Titre : Fox
Auteur.ice : Joyce Carol Oates
Edition : Philippe Rey
Date de parution : 02 octobre 2025
Genre : Roman
On ne la présente plus ! Joyce Carol Oates, ce sont des chiffres impressionnants : plus de 70 livres à son compteur et 87 années d’une vie sans retraite. D’ailleurs celle à qui l’on doit Blonde ou Les chutes vient de voir paraître son dernier livre. Fox. Un titre court pour un ouvrage volumineux qui témoigne de l’éternelle vigueur de l’octogénaire.
La romancière connue pour ses atmosphères angoissantes ne déroge pas aux traditions du polar. Fox commence pas un cadavre que l’eau poisseuse du marais dans lequel il a été trouvé rend impossible à identifier. Mais la présence d’une voiture dans ce même pan d’eau – mi réserve naturelle, mi benne à ordure – permet raisonnablement de penser que le corps en décomposition pourrait appartenir à un certain Francis Fox.
Sauf que, de l’avis général, cette hypothèse ne tient pas debout. Francis Fox est un professeur respectable, qui officiait dans la prestigieuse académie privée de Langhorne. Malgré son absence, il doit y avoir une autre explication. Personne ne pourrait soupçonner qu’un homme si séduisant puisse terminer ses jours d’une manière si lugubre. Mais se pourrait-il que derrière son assurance distinguée et sa personnalité envoûtante, Fox soit parvenu à dissimuler des habitudes aussi sombres que les eaux du marais ? Se pourrait-il que le baigneur ait longtemps réussi à noyer le poisson ?
Car Fox, le renard, chasse les chatons.
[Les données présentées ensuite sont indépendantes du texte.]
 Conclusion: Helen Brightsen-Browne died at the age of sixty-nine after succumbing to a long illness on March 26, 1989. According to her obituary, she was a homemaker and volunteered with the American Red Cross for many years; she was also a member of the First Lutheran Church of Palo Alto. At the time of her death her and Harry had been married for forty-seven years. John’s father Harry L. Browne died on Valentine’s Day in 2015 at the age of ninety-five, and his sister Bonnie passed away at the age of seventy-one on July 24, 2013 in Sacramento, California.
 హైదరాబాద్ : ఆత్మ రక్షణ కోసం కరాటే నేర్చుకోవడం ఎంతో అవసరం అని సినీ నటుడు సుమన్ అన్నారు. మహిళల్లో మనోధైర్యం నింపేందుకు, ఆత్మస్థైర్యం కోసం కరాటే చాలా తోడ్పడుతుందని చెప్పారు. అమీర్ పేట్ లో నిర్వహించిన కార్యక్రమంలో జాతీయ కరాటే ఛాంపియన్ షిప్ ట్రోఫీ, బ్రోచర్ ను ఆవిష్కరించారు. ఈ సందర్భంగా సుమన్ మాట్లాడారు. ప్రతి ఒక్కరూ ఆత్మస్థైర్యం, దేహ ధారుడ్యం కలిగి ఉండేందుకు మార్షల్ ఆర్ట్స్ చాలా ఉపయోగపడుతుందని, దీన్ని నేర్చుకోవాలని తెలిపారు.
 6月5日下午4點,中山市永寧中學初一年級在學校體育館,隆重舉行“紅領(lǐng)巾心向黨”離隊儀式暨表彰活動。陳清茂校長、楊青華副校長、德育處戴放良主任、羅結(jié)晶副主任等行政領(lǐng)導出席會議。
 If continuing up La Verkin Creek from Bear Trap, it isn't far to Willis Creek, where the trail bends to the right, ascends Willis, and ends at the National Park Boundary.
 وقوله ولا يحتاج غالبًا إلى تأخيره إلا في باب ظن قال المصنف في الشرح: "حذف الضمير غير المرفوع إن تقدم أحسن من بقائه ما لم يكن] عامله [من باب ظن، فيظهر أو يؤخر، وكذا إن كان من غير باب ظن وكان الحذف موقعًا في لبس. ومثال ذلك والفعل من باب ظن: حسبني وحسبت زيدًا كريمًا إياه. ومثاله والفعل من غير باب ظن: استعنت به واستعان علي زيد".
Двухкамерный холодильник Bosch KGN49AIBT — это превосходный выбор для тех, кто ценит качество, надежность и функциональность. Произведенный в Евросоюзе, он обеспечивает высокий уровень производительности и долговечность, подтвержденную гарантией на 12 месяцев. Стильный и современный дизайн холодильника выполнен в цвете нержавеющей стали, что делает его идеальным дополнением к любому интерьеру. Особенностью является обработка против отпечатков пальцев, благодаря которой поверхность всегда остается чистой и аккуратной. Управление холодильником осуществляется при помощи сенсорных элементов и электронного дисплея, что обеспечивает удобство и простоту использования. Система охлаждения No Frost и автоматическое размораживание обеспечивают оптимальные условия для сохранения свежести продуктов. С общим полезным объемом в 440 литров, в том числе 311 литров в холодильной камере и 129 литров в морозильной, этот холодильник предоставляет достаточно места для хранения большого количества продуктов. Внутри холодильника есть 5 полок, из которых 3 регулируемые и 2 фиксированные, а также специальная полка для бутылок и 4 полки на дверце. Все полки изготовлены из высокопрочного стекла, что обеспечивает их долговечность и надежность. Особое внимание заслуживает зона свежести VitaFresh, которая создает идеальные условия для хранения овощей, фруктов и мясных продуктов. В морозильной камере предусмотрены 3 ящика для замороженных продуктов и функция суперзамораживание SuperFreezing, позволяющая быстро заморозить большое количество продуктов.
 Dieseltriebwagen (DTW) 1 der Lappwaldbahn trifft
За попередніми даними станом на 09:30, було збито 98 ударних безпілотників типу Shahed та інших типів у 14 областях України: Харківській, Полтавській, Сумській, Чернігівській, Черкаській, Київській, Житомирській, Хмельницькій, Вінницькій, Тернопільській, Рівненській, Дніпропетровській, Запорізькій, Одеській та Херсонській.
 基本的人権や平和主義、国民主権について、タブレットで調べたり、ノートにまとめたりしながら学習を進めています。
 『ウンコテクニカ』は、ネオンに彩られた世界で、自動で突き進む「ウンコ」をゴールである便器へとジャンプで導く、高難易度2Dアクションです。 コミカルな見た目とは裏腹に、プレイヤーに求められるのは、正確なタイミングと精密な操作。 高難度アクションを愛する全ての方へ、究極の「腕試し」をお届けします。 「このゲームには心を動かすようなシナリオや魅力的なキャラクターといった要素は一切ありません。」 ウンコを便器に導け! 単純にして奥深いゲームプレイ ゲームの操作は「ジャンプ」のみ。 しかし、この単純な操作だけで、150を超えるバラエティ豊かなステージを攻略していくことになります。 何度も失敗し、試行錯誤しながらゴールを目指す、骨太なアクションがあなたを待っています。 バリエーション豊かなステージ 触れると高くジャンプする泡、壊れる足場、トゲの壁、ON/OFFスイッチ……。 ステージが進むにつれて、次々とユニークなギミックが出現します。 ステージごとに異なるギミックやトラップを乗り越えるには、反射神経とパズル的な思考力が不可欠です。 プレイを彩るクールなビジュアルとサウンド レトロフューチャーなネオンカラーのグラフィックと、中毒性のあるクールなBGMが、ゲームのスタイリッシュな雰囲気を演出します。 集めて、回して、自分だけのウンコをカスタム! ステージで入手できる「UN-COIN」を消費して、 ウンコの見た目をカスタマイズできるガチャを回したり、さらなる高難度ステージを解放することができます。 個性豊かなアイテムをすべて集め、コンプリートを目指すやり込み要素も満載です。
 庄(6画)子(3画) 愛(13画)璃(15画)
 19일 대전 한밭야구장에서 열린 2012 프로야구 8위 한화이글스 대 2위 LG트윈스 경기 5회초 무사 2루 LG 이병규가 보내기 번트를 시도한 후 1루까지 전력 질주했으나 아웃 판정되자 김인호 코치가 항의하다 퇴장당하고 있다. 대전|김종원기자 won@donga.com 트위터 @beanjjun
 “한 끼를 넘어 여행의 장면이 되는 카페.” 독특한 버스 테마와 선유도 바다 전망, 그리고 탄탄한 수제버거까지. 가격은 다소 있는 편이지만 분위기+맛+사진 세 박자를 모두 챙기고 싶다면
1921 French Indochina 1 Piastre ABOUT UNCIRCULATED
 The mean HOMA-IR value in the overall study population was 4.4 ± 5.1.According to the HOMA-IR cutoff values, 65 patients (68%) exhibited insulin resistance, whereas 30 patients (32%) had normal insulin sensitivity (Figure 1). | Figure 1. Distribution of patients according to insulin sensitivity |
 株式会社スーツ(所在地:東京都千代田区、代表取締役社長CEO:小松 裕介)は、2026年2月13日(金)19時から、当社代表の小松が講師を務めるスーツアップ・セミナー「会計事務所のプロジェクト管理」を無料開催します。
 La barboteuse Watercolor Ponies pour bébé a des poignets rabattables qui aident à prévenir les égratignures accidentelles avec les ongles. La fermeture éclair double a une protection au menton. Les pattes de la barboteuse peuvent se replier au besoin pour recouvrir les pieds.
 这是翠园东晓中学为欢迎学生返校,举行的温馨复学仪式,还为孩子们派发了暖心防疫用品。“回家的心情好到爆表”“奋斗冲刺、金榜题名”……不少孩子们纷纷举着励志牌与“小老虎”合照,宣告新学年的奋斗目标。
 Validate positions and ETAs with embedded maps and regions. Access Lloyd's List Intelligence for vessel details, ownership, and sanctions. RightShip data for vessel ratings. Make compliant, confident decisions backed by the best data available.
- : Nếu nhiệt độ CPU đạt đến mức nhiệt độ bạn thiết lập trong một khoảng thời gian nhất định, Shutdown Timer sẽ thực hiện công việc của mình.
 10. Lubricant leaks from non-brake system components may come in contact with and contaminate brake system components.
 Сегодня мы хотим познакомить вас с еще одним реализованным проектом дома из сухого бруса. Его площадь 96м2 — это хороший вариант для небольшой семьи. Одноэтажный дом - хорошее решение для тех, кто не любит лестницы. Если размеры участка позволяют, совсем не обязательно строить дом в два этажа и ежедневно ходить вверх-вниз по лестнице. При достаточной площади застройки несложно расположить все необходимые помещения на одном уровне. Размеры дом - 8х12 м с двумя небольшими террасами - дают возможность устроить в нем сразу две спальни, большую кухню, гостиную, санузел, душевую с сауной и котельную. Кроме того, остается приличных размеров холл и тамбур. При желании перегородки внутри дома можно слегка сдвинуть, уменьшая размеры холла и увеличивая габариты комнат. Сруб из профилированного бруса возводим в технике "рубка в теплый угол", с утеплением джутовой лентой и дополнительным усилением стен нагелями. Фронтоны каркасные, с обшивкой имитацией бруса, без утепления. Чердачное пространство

Des petites nymphettes, fragiles et endormies, qui occupent sa classe de quatrième. Passé l’âge de la puberté, les filles ne l’intéressent plus. C’est la candeur et l’innocence encore enfantine de ces pré-ados qui l’excitent. En adoptant le point de vue de Fox, Joyce Carol Oates nous oblige à connaître les fantasmes pervers d’un homme aussi dérangé que narcissique. Elle n’épargne pas le lecteur. Voire elle le provoque. Car son regard n’est pas extérieur, mais principalement intérieur à ce qui, profondément, nous dérange. Francis Fox est à l’image de Humbert Humbert qu’il déteste : un personnage qui se complaît dans la justification d’un acte qu’il sait répréhensible.
Mais Fox n’est pas le seul à faire entendre sa voix. Telle une équilibriste, Joyce Carol Oates passe d’un point de vue à l’autre en l’espace d’un paragraphe. Le temps d’une page, nous pouvons nous transformer en un père désabusé ou une directrice tirée à quatre épingles. Le récit est dynamique, entre autres grâce à la multiplicité de ses psychologies. Joyce Carol Oates nous tient en haleine, même si Fox se lit plus comme une histoire de mœurs qu’un polar. Mais, comme c’est parfois le cas pour les livres excédant un certain nombre de pages, il est un peu bavard. Certains passages auraient gagné à être élagués. Même si ce n’est pas son meilleur, Fox confirme le talent d’une autrice qui a marqué la littérature contemporaine.